Label prestisius seperti Chanel justru mengklaim bahwa ia telah terlebih dahulu melaksanakan sistem 'see now buy now', dengan menjual pre-collection jauh lebih awal daripada main collection.

Sedangkan rumah mode legendaris asal Italia, Prada, memilih untuk menggunakan metode ini hanya untuk sejumlah rancangan tas runway terpilih. Keduanya seolah memberikan isyarat bahwa bagaimanapun juga, Anda tetaplah tidak dapat memiliki semuanya dalam sekejap mata.

Sebagian besar insan fashion berpendapat bahwa konsep 'see now buy now' merupakan strategi jitu untuk melawan kasus-kasus barang palsu atau penjiplakan desain yang kian marak berkat kian berkembangnya teknologi digital.

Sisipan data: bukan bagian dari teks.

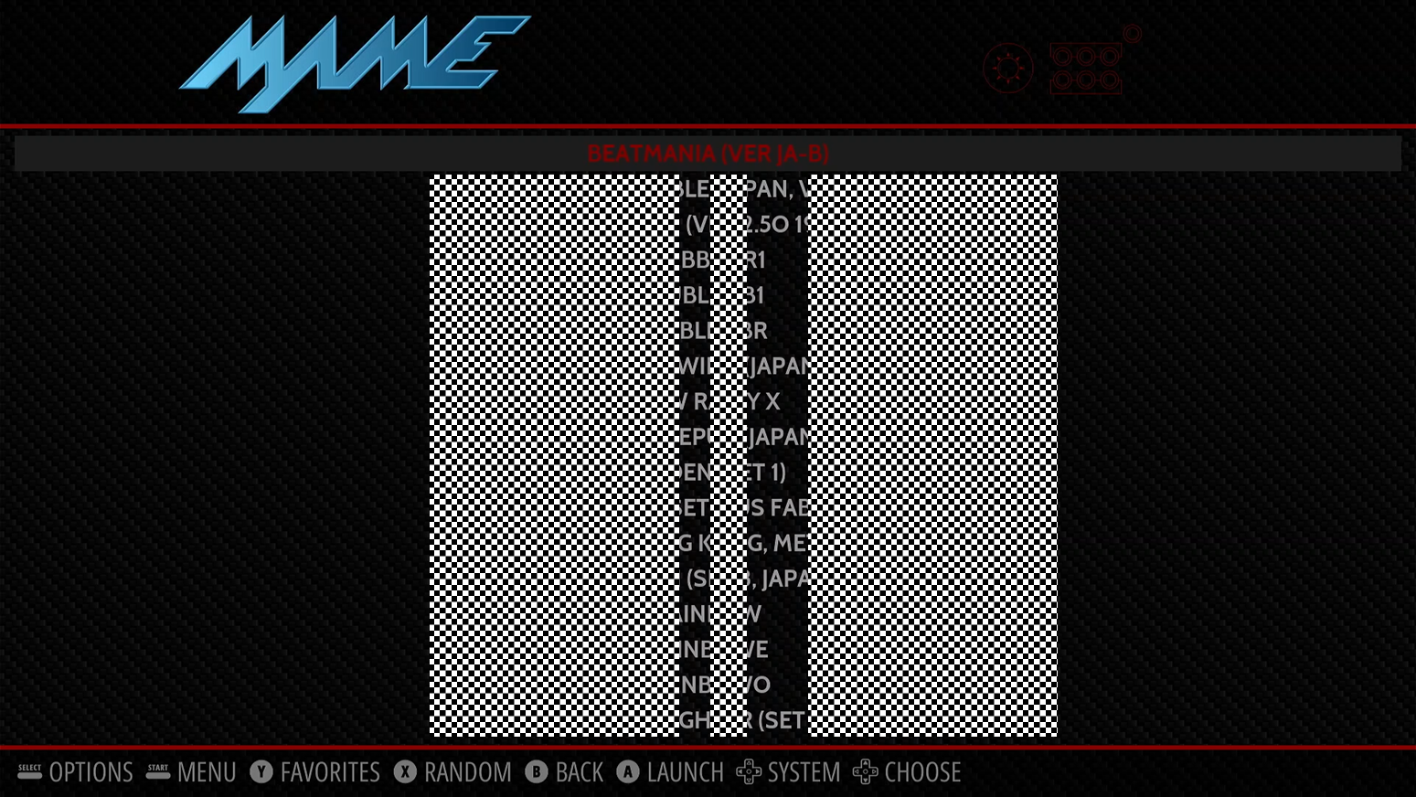 게임 메뉴에서 화살표로 MAME를 선택한다. 이렇게 준비된 게임들이 표시된다. 그러면 화살표를 이용하여 해당 게임에 가져다 대고 실행하면 된다. 아래에 보면 키 설명이 나오는데, 앞서서 어떤 키보드에 매핑했는지 잘 기억하고 진행하면된다.

Sehingga dengan mengadaptasi metode ini, konsumer dapat segera memiliki dan memakai runway item sebelum produk tiruannya bermunculan di pasar.

Akan tetapi, ada beberapa pokok pemikiran yang perlu diperhatikan dari pendekatan yang terfokus pada konsumer ini, selain kemungkinan akan terjadinya penurunan kreativitas yang akan mempengaruhi kualitas estetika dari hasil rancangan yang dipasarkan.

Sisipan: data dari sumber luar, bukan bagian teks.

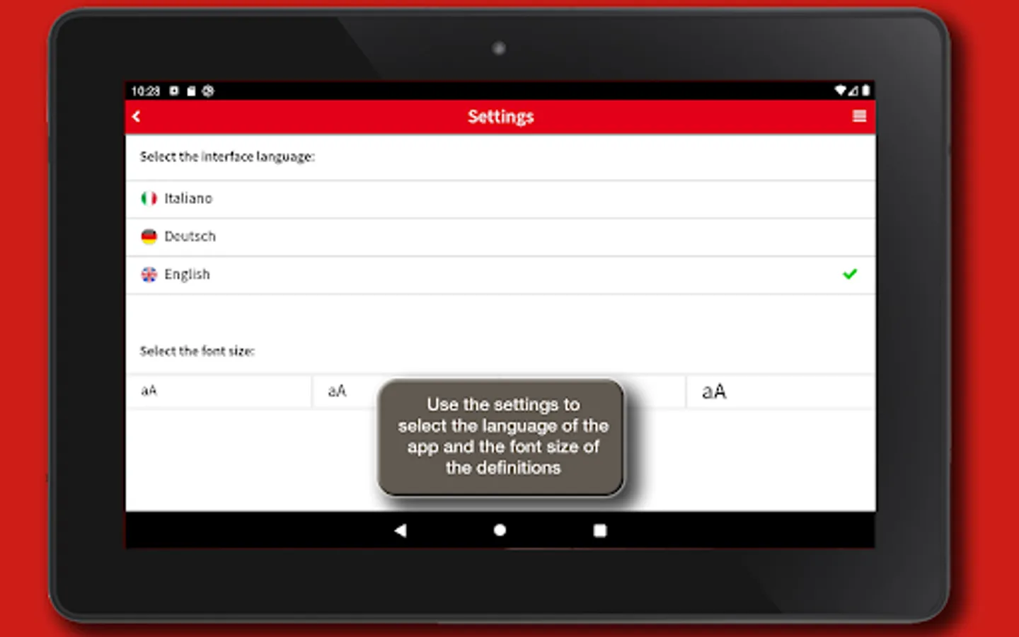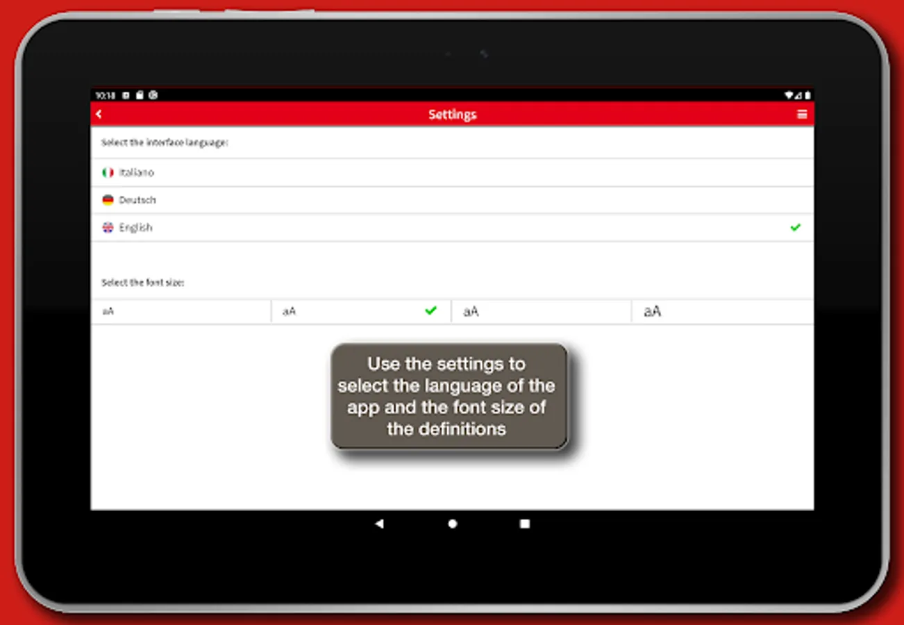 • Settings: allows you to choose the font size of the definitions and the language of the interface

Gerakan 'see now buy now' ini dapat berimbas pada desainer-desainer baru yang tengah berkembang untuk dapat berkompetisi secara sehat di tengah gempuran pergeseran kalender mode konservatif.

Metode ini jelas sangat relevan dengan brand besar yang telah stabil baik dalam segi produksi dan distribusi, sehingga melansirkan koleksi utama di panggung runway beriringan dengan produk ritel bukanlah menjadi suatu hal yang mustahil.

Namun terlepas dari segala perdebatan yang ada, harus diakui bahwa konsep ini memang tidak dapat diadopsi dan dijewantahkan oleh semua label fashion. Dan mereka tidak diwajibkan untuk mengikuti kecenderungan baru ini pula.

Karena toh, pada dasarnya, esensi utama fashion adalah agar kita dapat bermimpi. Dan kini pertanyaannya dikembalikan pada Anda: apakah Anda memilih untuk segera merealisasikan mimpi (atau barangkali lebih tepatnya hasrat yang terlahir secara spontan), atau Anda memilih untuk menikmati mimpi sedikit lebih lama?